Tarihteki En Büyük Formula 1 Kazaları

Güncelleme Tarihi: 23 Ekim 2021

Spor müsabakalarını seyretmek birçok insan için büyük bir tutku. Mücadele, rekabet, taktiksel ve fiziksel savaşlar… Tüm bunların ortaya döküldüğü yarışmaların seyir zevki çok yüksek oluyor. Fakat çoğu zaman aslında o sporcuların hayatlarını ne kadar büyük bir riske attıklarını unutuyoruz. Otomobil sporları da belki de en tehlikeli spor dallarından biri ve Formula 1 kazaları unutulmayacak anlarla dolu. Geçtiğimiz günlerde Formula 1 Bahreyn GP’de yaşanan devasa kaza bunu bize bir kez daha hatırlatmış oldu. Fakat ona gelmeden önce F1 tarihinde yaşanan en büyük kazalara ve bu kazaların doğurduğu sonuçlara bir göz atalım. 
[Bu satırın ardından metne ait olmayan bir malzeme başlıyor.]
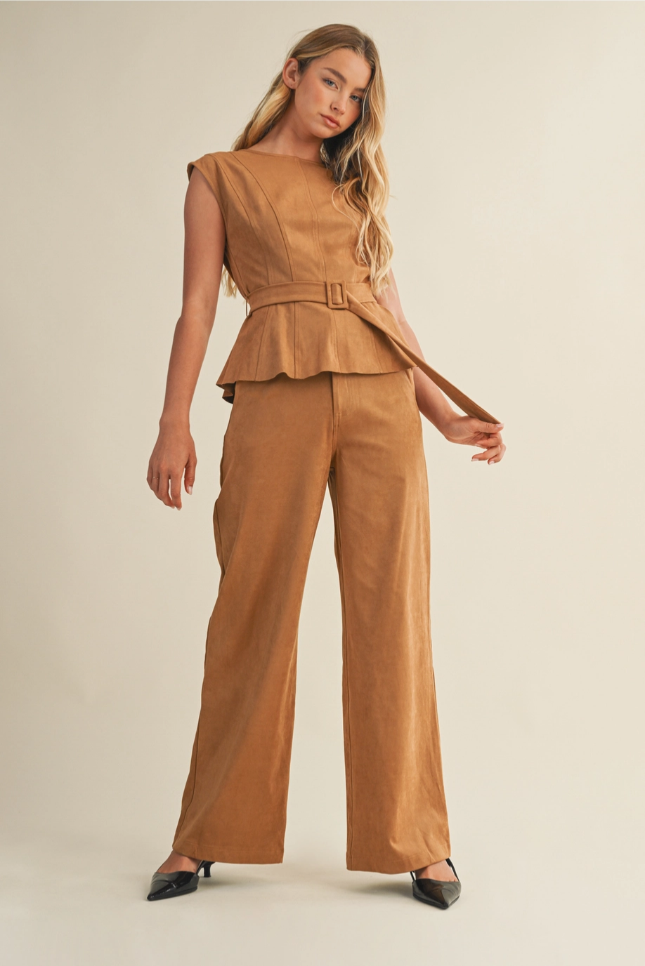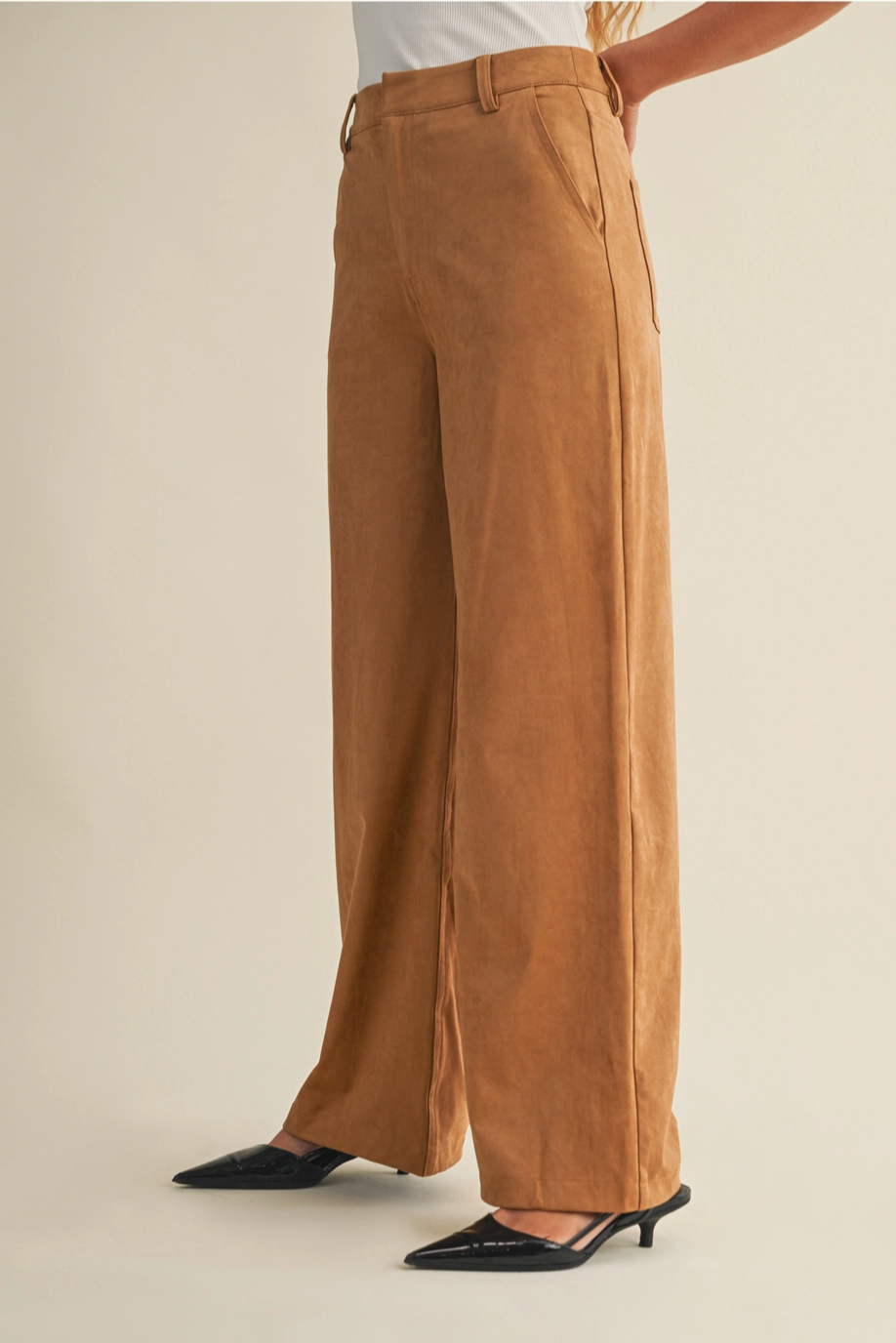 Create an accountCrafted in a rich camel hue, these faux suede straight-leg pants from Mustard Seed bring polished texture to your fall and winter wardrobe. The mid-rise fit and clean front create a flattering silhouette, while the soft faux suede finish adds warmth and comfort. Designed with just the right amount of stretch, they offer ease of movement without sacrificing style. Pair them with a cozy knit or sleek blouse for effortless sophistication.
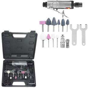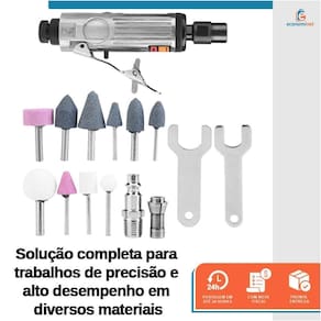 Kit Inclui: Mini Esmeril: Leve e potente, ideal para cortes, lixamentos e polimentos em áreas de difícil acesso. Conector de Ar Rosca 1/4 NPT : Compatibilidade com diversos compressores de ar para sua comodidade. Mandril 1/8 3mm : Permite a utilização de uma variedade de acessórios para atender às suas necessidades específicas. 2 Chaves Fixas 17mm e 14mm : Facilitam a troca de acessórios e garantem um ajuste preciso. 5 Pontas Montadas 1/8 3mm e 5 Pontas Montadas 1/4 6mm : Ampla gama de opções para diferentes aplicações, desde trabalhos delicados até remoção de material. Maleta Plástica: Armazenamento seguro e organizado para todas as peças do kit.

1961 İtalya: Değişimin İlk Adımları

1950’de başlayan Formula 1 Dünya Sürücüler Şampiyonası’nın ilk dönemlerinde yaşanan bu kaza belki de ilk büyük kazaydı. Ferrari’nin Alman pilotu Wolfgang von Trips’in aracı düzlükte başka bir araçla temas ettikten sonra sıçrayarak piste çok yakın bir yerde bulunan seyircilerin arasına daldı. 15 kişinin yaşamını yitirdiği bu kazadan sonra ilk kez ciddi güvenlik önlemleri gündeme gelmeye başladı.

1976 Almanya: Lauda Efsanesi

Filmlere konu olan bu kaza, efsanevi pilot Niki Lauda’nın başarılarla dolu kariyerini belki de daha görkemli hale getirdi. O dönem Ferrari’de yarışan Niki Lauda, Nürburgring pistinde yapılan yarışta bir virajın çıkışında aracın kontrolünü kaybederek bariyerlere çarptı ve araç alev aldı. Alevlerin arasından mucizevi şekilde sağ çıkan Lauda’nın bedeninde ciddi yanıklar oluşmuştu. Bir süre komada yattıktan sonra sağlığına kavuşan Avusturyalı pilot, kazadan sadece birkaç hafta sonra aracının direksiyonuna geçerek yarışlara geri döndü ve şampiyonluklar kazanmaya devam etti. Yüzünün bir kısmında kalan yanık izi ise kariyeri boyunca kahramanca savaştığının göstergesi olarak onunla birlikte yaşadı.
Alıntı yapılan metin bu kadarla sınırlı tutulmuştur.